Begin at the line that contains "青州市住房和城乡建设局在抓好" and reproduce it along with every line after it to the end of the listing; skip any pictures.

*** Begin section ***

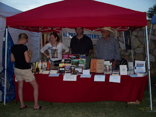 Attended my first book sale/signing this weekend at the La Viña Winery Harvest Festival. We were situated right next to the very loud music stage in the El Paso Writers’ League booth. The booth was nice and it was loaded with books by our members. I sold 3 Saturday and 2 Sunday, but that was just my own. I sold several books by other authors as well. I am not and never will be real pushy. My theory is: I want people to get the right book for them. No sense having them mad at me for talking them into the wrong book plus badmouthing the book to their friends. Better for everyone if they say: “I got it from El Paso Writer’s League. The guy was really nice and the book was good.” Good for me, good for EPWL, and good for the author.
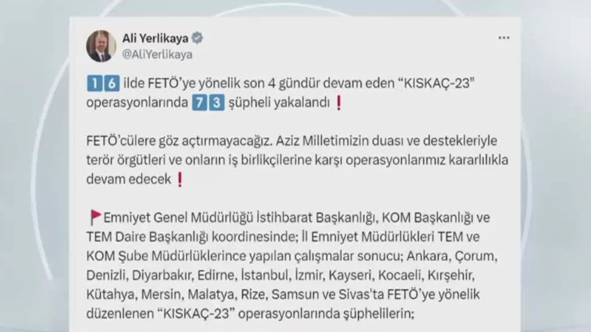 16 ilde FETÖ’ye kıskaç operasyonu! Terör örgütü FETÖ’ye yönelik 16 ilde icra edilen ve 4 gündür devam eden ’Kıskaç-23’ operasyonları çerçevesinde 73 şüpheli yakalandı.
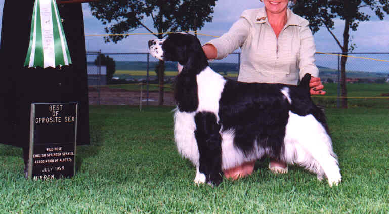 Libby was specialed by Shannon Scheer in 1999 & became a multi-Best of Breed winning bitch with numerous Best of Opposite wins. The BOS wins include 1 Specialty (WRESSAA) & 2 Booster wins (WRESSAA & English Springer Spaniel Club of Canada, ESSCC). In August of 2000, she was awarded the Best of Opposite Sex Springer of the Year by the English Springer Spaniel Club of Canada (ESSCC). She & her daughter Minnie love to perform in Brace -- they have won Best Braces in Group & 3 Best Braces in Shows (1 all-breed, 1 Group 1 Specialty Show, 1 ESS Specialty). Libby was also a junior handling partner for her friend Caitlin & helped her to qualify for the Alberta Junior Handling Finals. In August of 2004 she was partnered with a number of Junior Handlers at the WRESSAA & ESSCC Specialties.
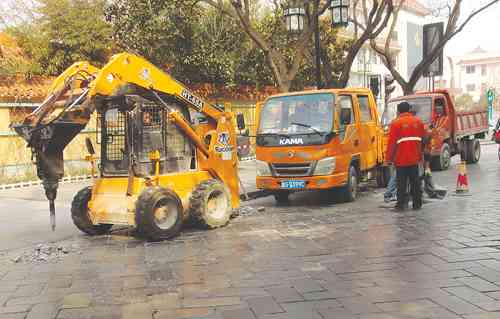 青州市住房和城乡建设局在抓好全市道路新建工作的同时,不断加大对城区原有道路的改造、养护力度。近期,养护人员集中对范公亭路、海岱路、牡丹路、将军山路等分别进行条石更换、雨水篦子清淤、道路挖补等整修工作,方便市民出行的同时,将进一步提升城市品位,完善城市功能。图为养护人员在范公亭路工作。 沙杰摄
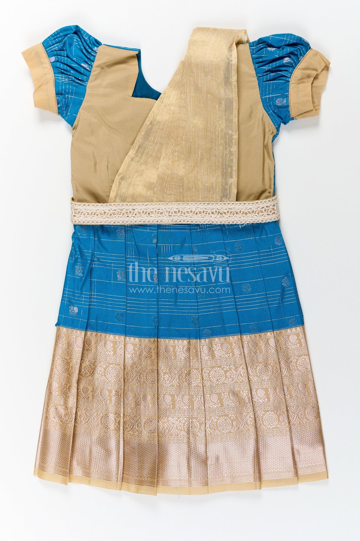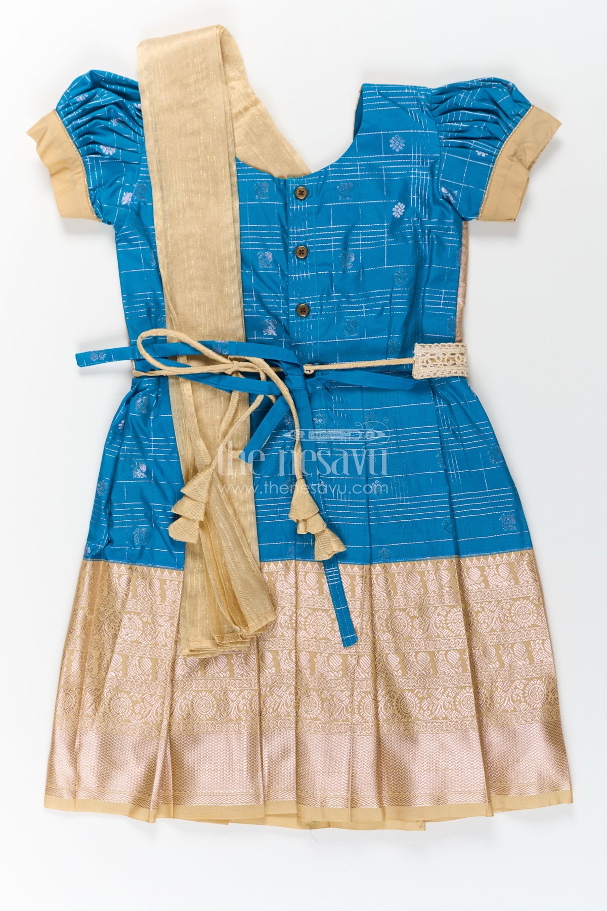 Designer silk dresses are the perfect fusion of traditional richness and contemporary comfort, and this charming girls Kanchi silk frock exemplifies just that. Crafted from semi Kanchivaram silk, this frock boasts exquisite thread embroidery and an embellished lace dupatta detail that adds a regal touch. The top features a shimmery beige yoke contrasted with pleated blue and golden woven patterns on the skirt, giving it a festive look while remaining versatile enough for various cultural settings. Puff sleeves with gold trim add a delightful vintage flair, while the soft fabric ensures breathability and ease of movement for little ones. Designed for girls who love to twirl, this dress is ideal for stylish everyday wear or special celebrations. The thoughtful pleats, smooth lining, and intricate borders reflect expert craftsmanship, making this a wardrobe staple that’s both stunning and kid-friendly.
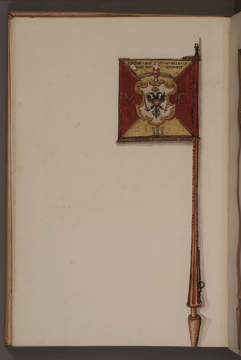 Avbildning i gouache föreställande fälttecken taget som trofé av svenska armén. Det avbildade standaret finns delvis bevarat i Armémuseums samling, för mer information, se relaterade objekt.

*** End section ***

◆ REPLY ◆
 青州市住房和城乡建设局在抓好全市道路新建工作的同时,不断加大对城区原有道路的改造、养护力度。近期,养护人员集中对范公亭路、海岱路、牡丹路、将军山路等分别进行条石更换、雨水篦子清淤、道路挖补等整修工作,方便市民出行的同时,将进一步提升城市品位,完善城市功能。图为养护人员在范公亭路工作。 沙杰摄
 Designer silk dresses are the perfect fusion of traditional richness and contemporary comfort, and this charming girls Kanchi silk frock exemplifies just that. Crafted from semi Kanchivaram silk, this frock boasts exquisite thread embroidery and an embellished lace dupatta detail that adds a regal touch. The top features a shimmery beige yoke contrasted with pleated blue and golden woven patterns on the skirt, giving it a festive look while remaining versatile enough for various cultural settings. Puff sleeves with gold trim add a delightful vintage flair, while the soft fabric ensures breathability and ease of movement for little ones. Designed for girls who love to twirl, this dress is ideal for stylish everyday wear or special celebrations. The thoughtful pleats, smooth lining, and intricate borders reflect expert craftsmanship, making this a wardrobe staple that’s both stunning and kid-friendly.
 Avbildning i gouache föreställande fälttecken taget som trofé av svenska armén. Det avbildade standaret finns delvis bevarat i Armémuseums samling, för mer information, se relaterade objekt.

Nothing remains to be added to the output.